Он услышал громко распевавших в ограде кур, и ему стало весело, что куры своим пением напоминали о себе. Петр Иванович, несколько раз глубоко вдохнув прохладный воздух, остро пахнущий рекой, огородами и прибитой росой пылью, прошел к амбару, сыпанул зерна курам.

Около штабеля с драньем, лежавшим близко к приамбарку, Петр Иванович оперся руками о влажноватую верхнюю жердину изгороди, посмотрел на Саяны, – гор не видно.
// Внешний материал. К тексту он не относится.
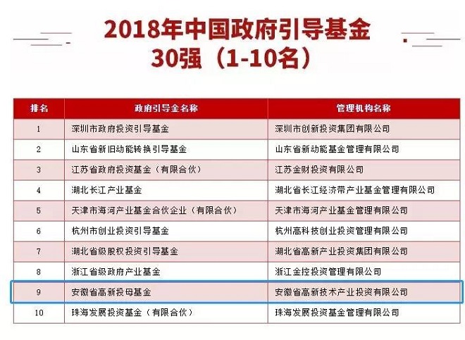 安徽省高新投母基金获清科中国政府引导基金排名第九名

Лес за рекой чернел на буграх в просветах туманных облаков, поднимавшихся к невидимому солнцу.

Болото, молчаливое днем, сейчас издавало множество звуков, которые, соприкасаясь между собой, рождали новые звуки, и нельзя было понять, кому они принадлежат. Напротив бани в кочках вскрикивал кулик, будто его кто-то крепко держал и он не мог вырваться. Низко летали ястребы, молниеносно пикировали. Промахнувшись, нехотя взмывали вверх. Квохтанье в зарослях мгновенно прекращалось. Не желая прощаться с добычей, ястреб начинал медленно кружить над одним и тем же местом.
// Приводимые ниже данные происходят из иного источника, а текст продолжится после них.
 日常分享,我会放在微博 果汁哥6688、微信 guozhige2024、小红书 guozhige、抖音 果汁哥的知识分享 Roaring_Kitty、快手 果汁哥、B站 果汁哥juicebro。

На Пастуховой горе к восходу солнца героические женщины (так Петр Иванович называл доярок) справились с утренней дойкой и, громко перекликаясь, расходились по домам, чтобы успеть до пастуха подоить своих коров. Из кузницы раздавались удары большого и маленького молотков. Петр Иванович, послушав, как безостановочно разговаривают молотки, не меньше восхитился и работой кузнецов, которые, казалось, так и не ложились спать. Присмотрелся к густой, темно-зеленой траве: подросла ли, будет ли что косить во второй раз, – и увидел напротив дранья свежие следы! Они чернели, как будто дымились на росистой траве… Никто никогда не ходил по огороду Мезенцевых к мосту или за реку! Проще было пройти по проулку, который начинался сразу за Нюриным домом.

– Кому-то не спится, – вслух сказал Петр Иванович, пройдя вдоль изгороди ближе к следам. – Кому-то что-то надо, – все так же медленно проговорил он и снова наклонился к забору шагах в четырех от того места, где он только что стоял. Казалось, Петр Иванович еще немного посмотрит следы и займется каким-нибудь своим делом. В конце концов, что такое следы: может, в самом деле кому-то понадобилось пройти к мосту или в лес? Конечно, неуважение ни с того ни с сего пройти по нескошенной траве в чужом огороде… Но ведь не ходил раньше никто! Другое дело, днем: зашел, поговорили, надо идти к мосту или за реку, – вот ворота, вот дорожка, – иди, не жалко. А чтобы ночью или чуть свет, без разрешения… Тут какая-то загадка!..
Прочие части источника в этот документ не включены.